A Botswana envoy in Brussels siphoned millions of Pula from the embassy bank account to his personal and business accounts. The Botswana Embassy in China is believed to have paid tuition fees for ghost students and P5 million in the bank account of the Botswana High Commission in London does not appear on the mission’s books of accounts – these are some of the revelations made by investigations into the goings on at Botswana foreign missions.

The investigations by the Parliament Accounts Committee turned up information that the Botswana Embassy in Brussels flouted the Ministry of Foreign Affairs procedures and employed a local to a post reserved for Batswana. The local, employed as an Executive Officer responsible for administration and accounts, transferred millions of Pula from the embassy bank account to her personal account and embezzled staff social benefit contributions.

According to the PAC report, this first surfaced after an internal audit carried out at the Brussels embassy in 2007, which revealed embezzlement of staff social benefits contributions, transfers of money from the embassy bank accounts to her personal, business and family bank accounts. The officer is reported to have misappropriated P3, 7 million. As at May 2012 the Ministry had started acting on the recommendations of the report produced by a legal expert engaged in 2011 to study the internal audit report and establish if indeed the officer had defrauded government.

The PAC also queried the P5 million in the bank account of the Botswana High Commission in London which did not reflect in the mission books of accounts.
Permanent Secretary in the Ministry of Foreign Affairs, Caesar Lekowa, briefed the PAC that an investigation was conducted after the mission discovered that the money was kept for two years in the mission bank account while it was not reflecting in their books of accounts.

The committee was informed by the PS that the money was kept in the bank account while the mission claimed that they had overspent their budget when presenting their accounts to the ministry.

He admitted it was odd that the mission had so much money that was not captured in their books.
The PAC also concluded that the Botswana Embassy in Beijing may have paid tuition fees for ghost students at Multimedia University in Malaysia. PAC Chairman, Nehemiah Modubule, hinted that there is a possibility that there were some duplications when the mission in Beijing was paying tuition fees at the university.

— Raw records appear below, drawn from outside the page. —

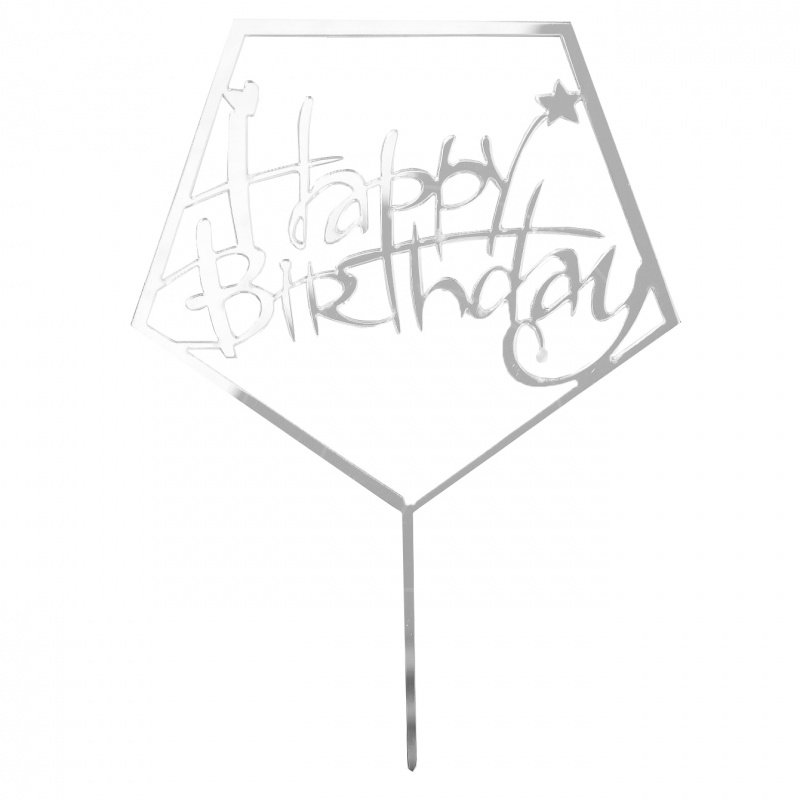 Доставка Топпер декоративный акриловый "С Днём Рождения" Серебро из магазина в вашем городе: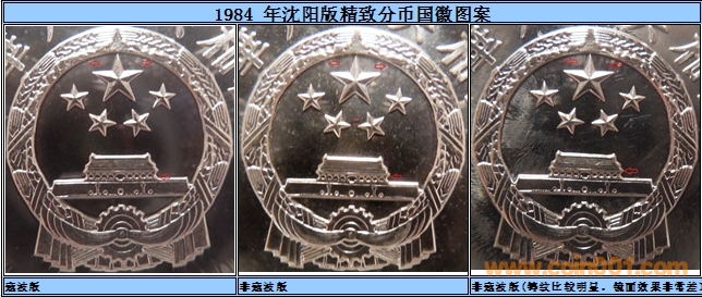 這里我舉一個簡單的列子,下面的圖片我選用了3張圖片(沈陽版1984年精致1分),通過圖片大家可以發現雖然3分精致分幣底板不同,但是壓印的效果幾乎沒有明顯的差異,考慮到沈陽版的精致套裝官方的發行數量: 5750套,通過一些細節的觀察我猜測1984年的精致分幣使用的是中晚期的工作模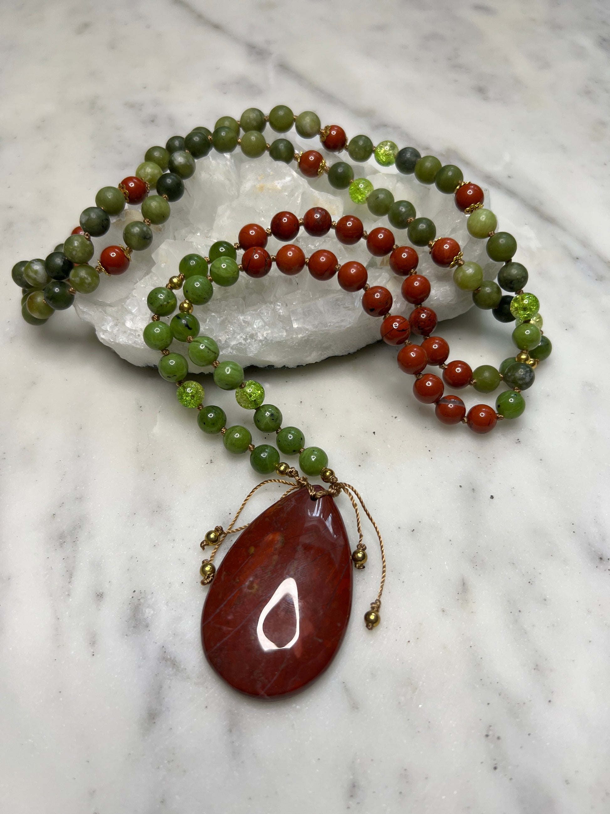 Made from natural Jasper and Jade with crackle glass accent beads.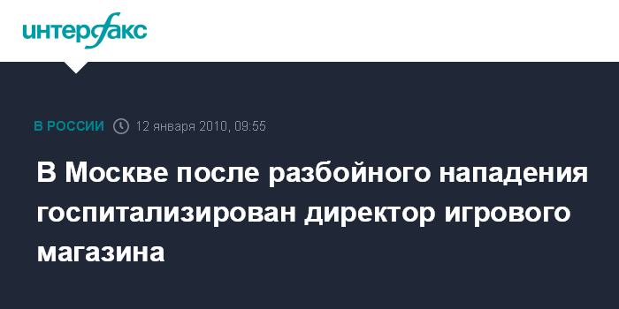 Москва. 12 января. INTERFAX.RU - В Москве совершено разбойного нападение на директора магазина, который специализируется на продаже игровых приставок, аксессуаров к ним и видеоигр, сообщил во вторник "Интерфаксу" источник в правоохранительных органах.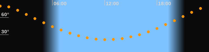 | Höchster Stand (Kulmination) | 00:12 Uhr (h = 79,9°) |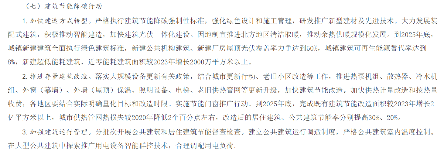 对于建筑节能降碳行动中,《行动方案》提出要加快建造方式转型,推进存量建筑改造,加强建筑运行管理。特别是在大型公共建筑中探索推广用电设备智能群控技术,合理调配用电负荷。

Modubule was worried that during the audit of the accounts and records of the Botswana diplomatic mission in Beijing, the auditor General noted that the tuition fees for Botswana students studying at Multimedia University had gone for some years without payment.

When delivering the PAC report last week, the PAC chairman stated that the University was only paid in March 2011 with invoices amounting to P3 714 588 covering the period from 2005/2006 to February 2010.

He said that it was disappointing that the students’ tuition fees were not paid resulting in the university authorities threatening to bar Batswana students from writing examinations.
Modubule explained that part of the P3 714 588 was paid through reconciliation exercise, which was done with the assistance of the University staff using copy invoices.

“Under this circumstance, it was possible that fees could have been paid for periods when some of the students had already left the University and possibility of duplicate payments cannot be ruled out,” he said.